La prévention réside donc dans la posture, le cœur de métier de William Houx-Plantier qui dans sa start-up MATVISIO à Lyon, a développé un système de prévention de risques de troubles musculo-squelettiques pour les entreprises. « Grâce à une webcam spécifique qui capte les ondes infrarouges et la profondeur, notre système passif crée un jumeau numérique d’un utilisateur devant son poste de travail et analyse toutes ses postures en temps réel pour dégager ensuite des recommandations de posture ». Un outil loin d’être superflu dans un monde où les interactions avec les écrans continuent de se développer. Et c’est justement ce type d’information qui permet d’échapper à de nombreuses souffrances, et ainsi ralentir le vieillissement de l’organisme.
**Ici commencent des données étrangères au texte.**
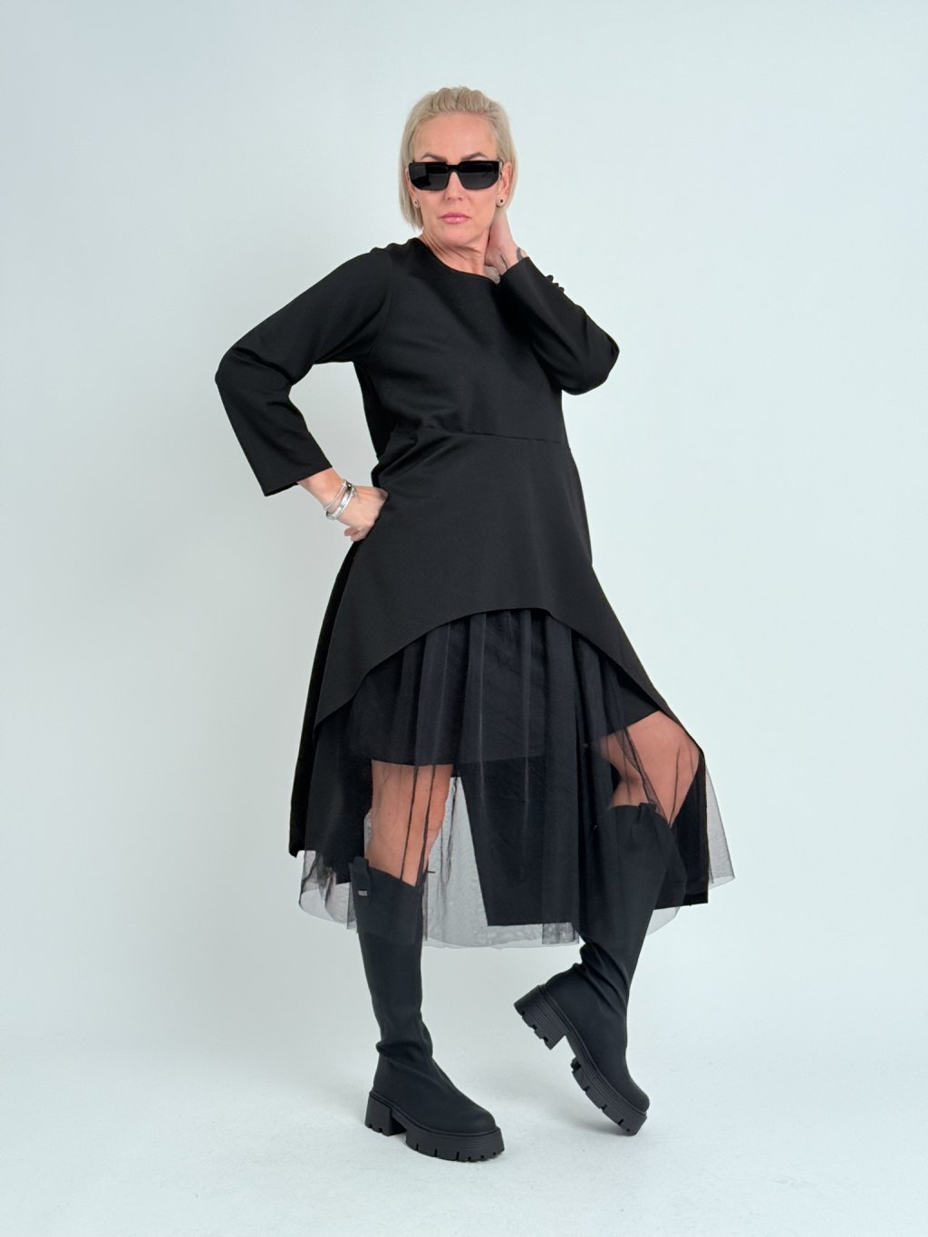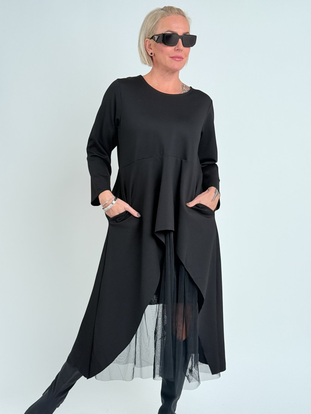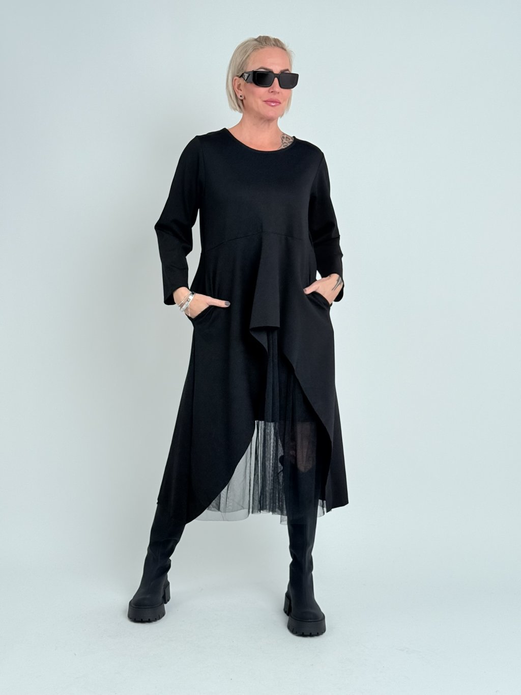 Zajímavě řešené šaty z bavlněného upletu , kombinované s tylem, s dlouhým rukávem a postranními kapsami.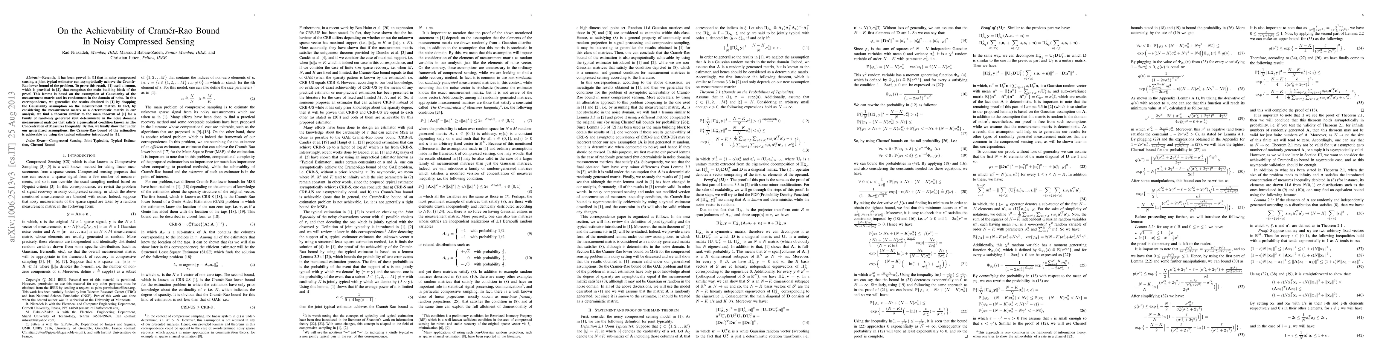 Recently, it has been proved in Babadi et al. that in noisy compressed sensing, a joint typical estimator can asymptotically achieve the Cramer-Rao lower bound of the problem.To prove this result, this paper used a lemma,which is provided in Akcakaya et al,that comprises the main building block of the proof. This lemma is based on the assumption of Gaussianity of the measurement matrix and its randomness in the domain of noise. In this correspondence, we generalize the results obtained in Babadi et al by dropping the Gaussianity assumption on the measurement matrix. In fact, by considering the measurement matrix as a deterministic matrix in our analysis, we find a theorem similar to the main theorem of Babadi et al for a family of randomly generated (but deterministic in the noise domain) measurement matrices that satisfy a generalized condition known as The Concentration of Measures Inequality. By this, we finally show that under our generalized assumptions, the Cramer-Rao bound of the estimation is achievable by using the typical estimator introduced in Babadi et al.

Une sécurité renforcée par le volume des données

De son côté, Rémi Thomas s’attaque à un gros morceau : sa société In&Motion a entre autres développé un gilet airbag connecté pour motards. Outre sa volonté de diminuer les conséquences physiques d’un accident, l’entrepreneur mise sur la collecte des données pour sensibiliser sa cible à travers des actions de prévention : « Nous avons récolté des données sur des millions de kilomètres parcourus par les motards qui utilisent notre système, ce qui in fine nous permet d’analyser leurs mouvements. Ainsi, plus nous avons d’utilisateurs, plus notre algorithme est performant« . La sécurité est donc l’affaire de tous, mais cela n’a jamais été un grand secret.

Toutefois, une adoption massive de ces dispositifs ne pourra se faire que si leur prix est accessible et que l’ensemble de la chaîne du système de santé se sent concerné. « En France, la tâche est complexe car les systèmes de prévention sont payés par les utilisateurs alors que le soin curatif est gratuit. C’est pourtant l’action préventive qui a vocation à limiter les actes curatifs, explique Julien Larfouilloux, responsable Programmes e-santé et IOT du groupe mutualiste VYV. Il est certain que nous ne pourrons jamais rembourser les gadgets connectés que les gens s’offrent à Noël, en revanche les assureurs ont une carte à jouer dans la mutualisation des coûts de fabrication des objets », conclut-il. Le chemin est encore long, alors autant continuer de compter nos pas.